#### [What the exercise asks]
If a picture appears in the records, skip it; copy everything else exactly.
= Beginning of Section =
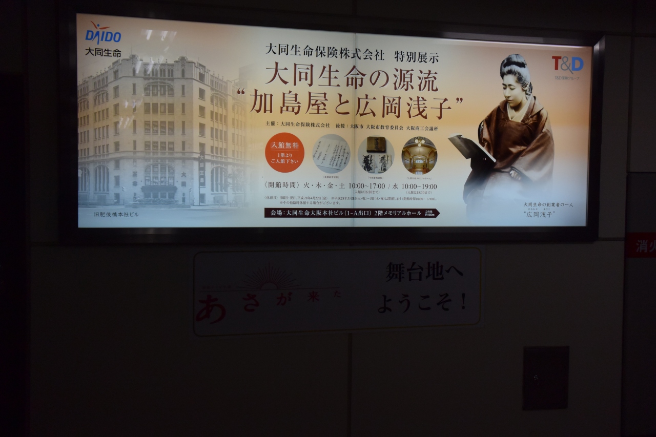 ドラマでは加納屋となっている加島屋があった場所に建つ大同生命の大阪本社ビルの2階にある展示室には加島屋の由来や広岡浅子やドラマにも出てくるその縁故者のエピソードがつづられています。個性的なアーチで構成されている大同生命大阪本社ビルも広岡浅子の親戚にあたるヴォーリズ氏によるもで、その業績にも触れられています。- 旅行時期
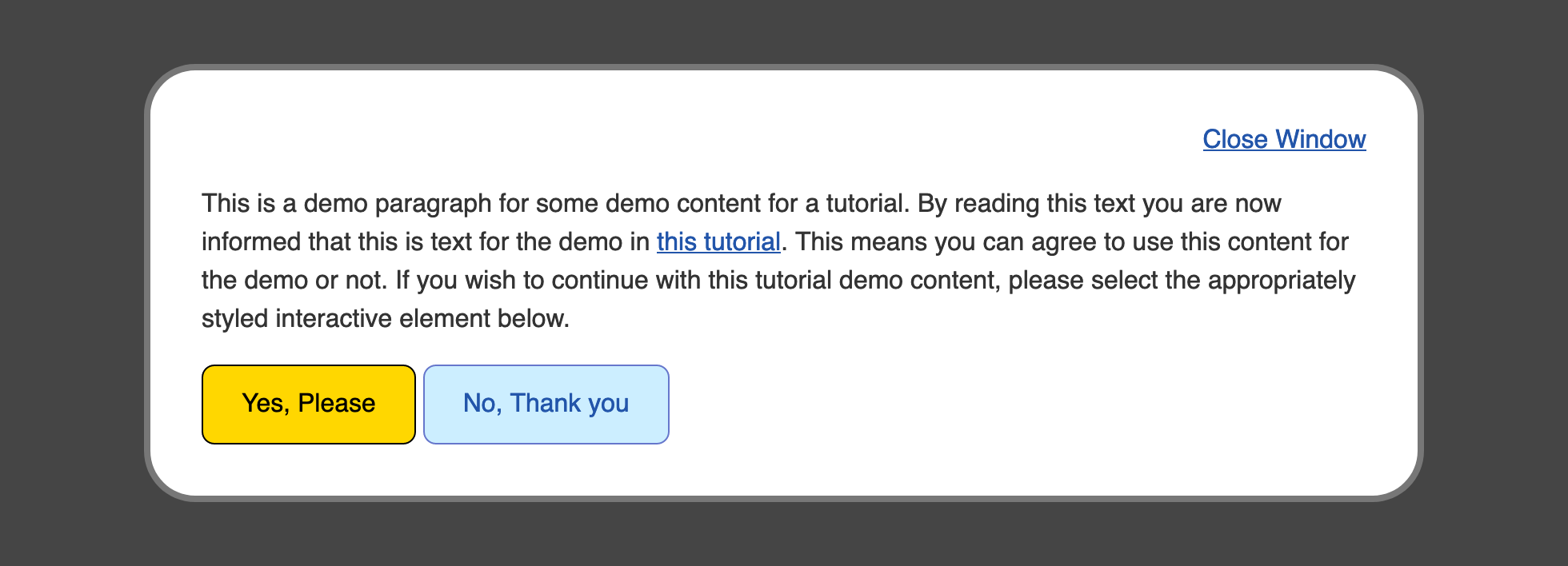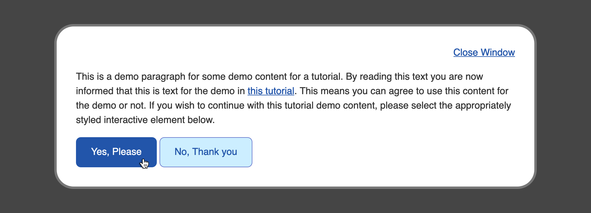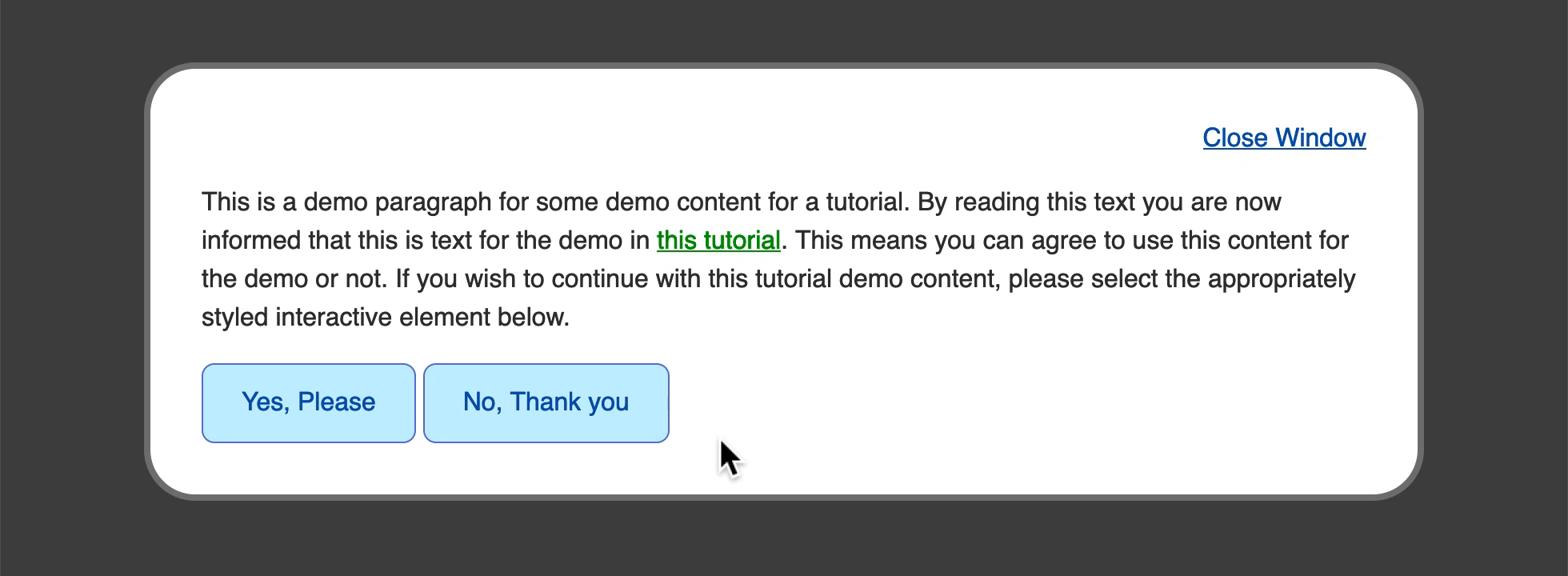 Save your changes to and return to your browser to refresh the file. The look of the Yes, Please and No, Thank you buttons will change to match the properties. The text is the same blue as the default style, with a much lighter blue in the background, and another deep blue for the border. The next image demonstrates how this will appear in the browser:
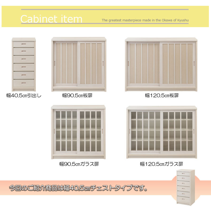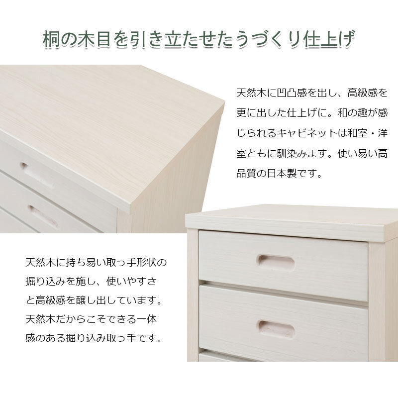 ■商品について/長く使える品質と高級感漂うデザインの【白雪】シリーズが新登場!桐の木目を引き立たせたうづくり仕上げ、職人が組み上げた、日本製の完成品ならではの洗練されたデザインが魅力的なリビングキャビネットシリーズです。和室はもちろん、洋室でも違和感なくお洒落なお部屋を演出してくれます♪スリムなのにしっかりと小物を収納する事ができます。細かく分かれた6杯の引き出しが、色んな小物を小分けして整理できるので便利です。幅も約40.5とスリムでちょっとした隙間にも置けます。他のシリーズと合わせて、リビングや寝室で存在感が引き立ちます。しっかりとした箱組みの構造で、長くお使い頂けます。
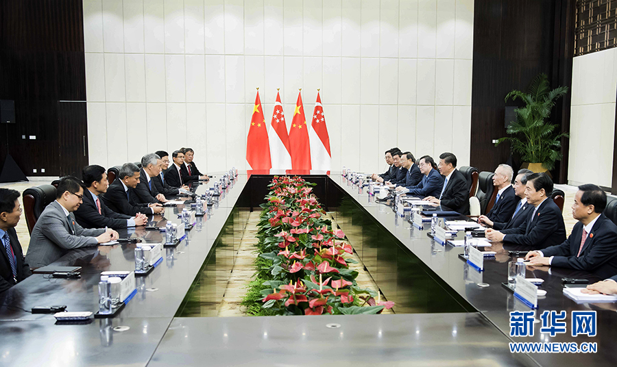 習(xí)近平指出,中新關(guān)系發(fā)展同中國(guó)改革開(kāi)放息息相關(guān)。當(dāng)前,中國(guó)特色社會(huì)主義進(jìn)入新時(shí)代,新加坡正在實(shí)施“未來(lái)經(jīng)濟(jì)發(fā)展戰(zhàn)略”。雙方要結(jié)合新形勢(shì)新特點(diǎn),對(duì)雙邊關(guān)系和務(wù)實(shí)合作作出新的戰(zhàn)略謀劃和頂層設(shè)計(jì)。雙方要推進(jìn)政府間大項(xiàng)目合作。要加強(qiáng)“一帶一路”框架內(nèi)合作,繼續(xù)打造好兩國(guó)共建的“南向通道”,將“一帶”和“一路”更好連接起來(lái)。中方愿同包括新方在內(nèi)東盟國(guó)家加強(qiáng)溝通協(xié)調(diào),實(shí)現(xiàn)“一帶一路”倡議同東盟發(fā)展規(guī)劃更好對(duì)接,構(gòu)建更為緊密的中國(guó)-東盟命運(yùn)共同體,希望新加坡發(fā)揮積極建設(shè)性作用。
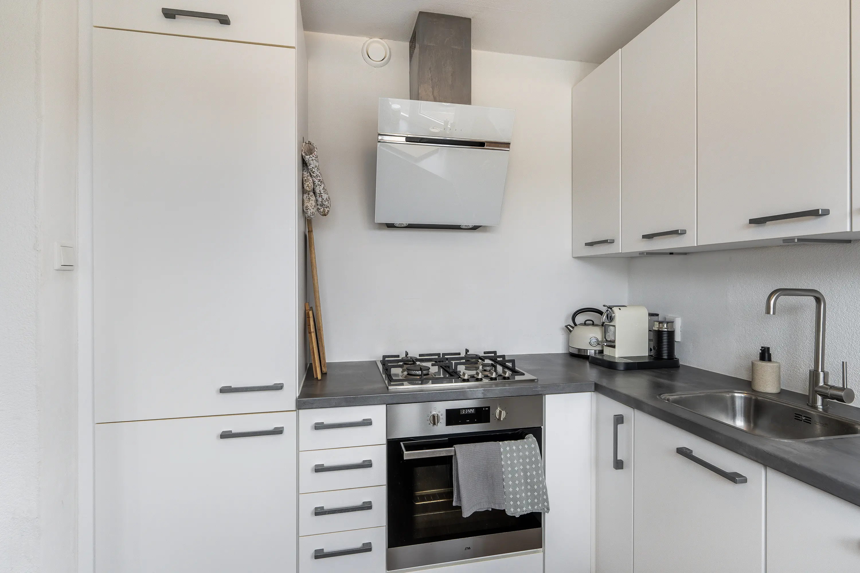 De halfopen keuken sluit mooi aan op de eethoek en is voorzien van diverse inbouwapparatuur, waaronder een oven, gasfornuis, afzuigkap, koelkast, vriezer en vaatwasser.
= End of Section =
#### [Answer for the task]
 ドラマでは加納屋となっている加島屋があった場所に建つ大同生命の大阪本社ビルの2階にある展示室には加島屋の由来や広岡浅子やドラマにも出てくるその縁故者のエピソードがつづられています。個性的なアーチで構成されている大同生命大阪本社ビルも広岡浅子の親戚にあたるヴォーリズ氏によるもで、その業績にも触れられています。- 旅行時期
 Save your changes to and return to your browser to refresh the file. The look of the Yes, Please and No, Thank you buttons will change to match the properties. The text is the same blue as the default style, with a much lighter blue in the background, and another deep blue for the border. The next image demonstrates how this will appear in the browser:
 ■商品について/長く使える品質と高級感漂うデザインの【白雪】シリーズが新登場!桐の木目を引き立たせたうづくり仕上げ、職人が組み上げた、日本製の完成品ならではの洗練されたデザインが魅力的なリビングキャビネットシリーズです。和室はもちろん、洋室でも違和感なくお洒落なお部屋を演出してくれます♪スリムなのにしっかりと小物を収納する事ができます。細かく分かれた6杯の引き出しが、色んな小物を小分けして整理できるので便利です。幅も約40.5とスリムでちょっとした隙間にも置けます。他のシリーズと合わせて、リビングや寝室で存在感が引き立ちます。しっかりとした箱組みの構造で、長くお使い頂けます。
 習(xí)近平指出,中新關(guān)系發(fā)展同中國(guó)改革開(kāi)放息息相關(guān)。當(dāng)前,中國(guó)特色社會(huì)主義進(jìn)入新時(shí)代,新加坡正在實(shí)施“未來(lái)經(jīng)濟(jì)發(fā)展戰(zhàn)略”。雙方要結(jié)合新形勢(shì)新特點(diǎn),對(duì)雙邊關(guān)系和務(wù)實(shí)合作作出新的戰(zhàn)略謀劃和頂層設(shè)計(jì)。雙方要推進(jìn)政府間大項(xiàng)目合作。要加強(qiáng)“一帶一路”框架內(nèi)合作,繼續(xù)打造好兩國(guó)共建的“南向通道”,將“一帶”和“一路”更好連接起來(lái)。中方愿同包括新方在內(nèi)東盟國(guó)家加強(qiáng)溝通協(xié)調(diào),實(shí)現(xiàn)“一帶一路”倡議同東盟發(fā)展規(guī)劃更好對(duì)接,構(gòu)建更為緊密的中國(guó)-東盟命運(yùn)共同體,希望新加坡發(fā)揮積極建設(shè)性作用。
 De halfopen keuken sluit mooi aan op de eethoek en is voorzien van diverse inbouwapparatuur, waaronder een oven, gasfornuis, afzuigkap, koelkast, vriezer en vaatwasser.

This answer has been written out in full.